King disliked Kubrick's movie and thought the sets captured none of the Stanley's flavor (not to mention the destruction of the character Wendy Torrance via Shelley Duvall's trembling interpretation). And in the movie, Room 217 became 237. There are theories about why Kubrick did that, but suffice to say 217 remains the Stanley's most popular room. You can stay there, if you're lucky enough to book it.

In 1997, a King-approved Shining remake featured the real Stanley. That miniseries might seem a more appropriate version for the Stanley to show on the hotel television 24 hours a day. Instead, the Stanley shows an uncut version of Kubrick's movie in every room.

The hotel, where a poster of Jack Nicholson's face hangs in the tour office, seems to struggle with its identity in relation to King. The Shining is not the Stanley's movie, and yet there's really no escaping it.

In the spring, the hotel hosts an annual Stanley Film Festival of horror movies and a "Shining Ball" around Halloween. The latest addition, being maintained by workers during our visit, is something born of Shining culture that never really existed at the hotel.

A hedge maze.

• • •

Though the architecture is elegant and the history is rich, the place tends toward feeling like a tourist trap. And for the horror fans and ghost hunters who flock there every year, it is.

There was no air conditioning in the room, which is fine most of the year in crisp Colorado. In mid-June, it was just verging on uncomfortable, but we affixed a fan into the open window.

Our room, on the extra-haunted fourth floor, was small but pleasant with new, remodeled features and an old-timey appeal. Stare at the prints of antique photos for a while and you start to get why King was so enamored with what might have happened here.

My boyfriend, Josh, and I took a nighttime ghost tour, one of several tours available for a fee, including a paranormal investigation tour and one focused on history and architecture. Our tour almost didn't happen. After leaving several voice mails requesting a spot in the weeks leading up to the stay, I still wasn't booked. (Arrange your tour online to make sure you get in.) The guide squeezed us in.

We went into the Stanley's concert hall, sniffed for wafts of perfume, waited for pianos to start playing themselves. We took pictures of ourselves in mirrors looking for uninvited guests. We sat in a billiard room where ladies once watched men play, looking for orbs in photos.

We ended the tour seeking F.O. Stanley's face on various surfaces and getting an abridged download on the pop cultural elements of the hotel. For instance, the guide said, when Jim Carrey was filming Dumb and Dumber at the Stanley, he got so freaked out that he checked out of 217 within hours.

The guide was intent on setting us free into the place with a sense that We Would Be Haunted.

• • •

Well, if nothing else, drinking seemed to work for King.

After the ghost tour, we went to the hotel's Whiskey Bar, which has a 37-foot antique Rothschild bar and the largest selection of whiskey, bourbon and scotch in Colorado.

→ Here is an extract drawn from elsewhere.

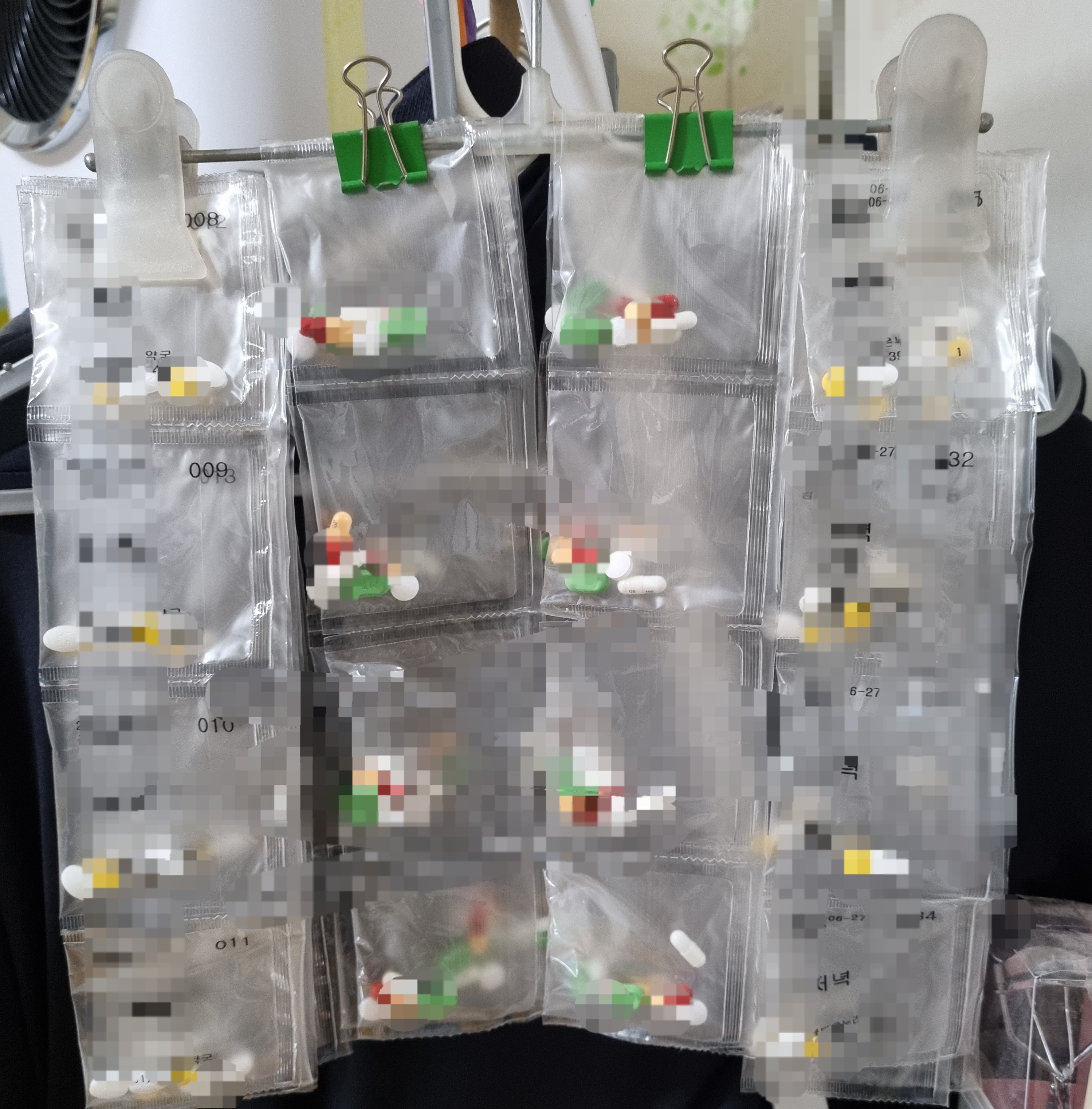 약봉지를 집게옷걸이에

Choices included the REDRUM, a concoction of Brugal Añejo Dominican Republic rum, and the Fresh Blood Orbed Paloma, with Corazón Blanco tequila.

We opted for a simpler Old Fashioned and a 17-year-old Cadenhead small batch single malt scotch, served with an elegant eyedropper of water. We leaned on the bar and listened to the bartender tell stories of King.

A couple of skeptics, we didn't really believe in the hauntings. Of course we didn't. We sat there debunking how various creepy things happened on the ghost tour, deciding a mysterious door that kept closing had an uneven doorjamb because the floor had shifted.

But ...

"Do you think it's possible?" Josh said. "Not knowing is what makes it fun."

We walked through the hallways, through the second floor with mirrors at each end where a frightened King once headed back to his room. We stood outside 217 and snapped a photo of the door. A dead quiet hung in the air.

When we got to our room, every channel on the TV was out except for Channel 42. The one that showed The Shining.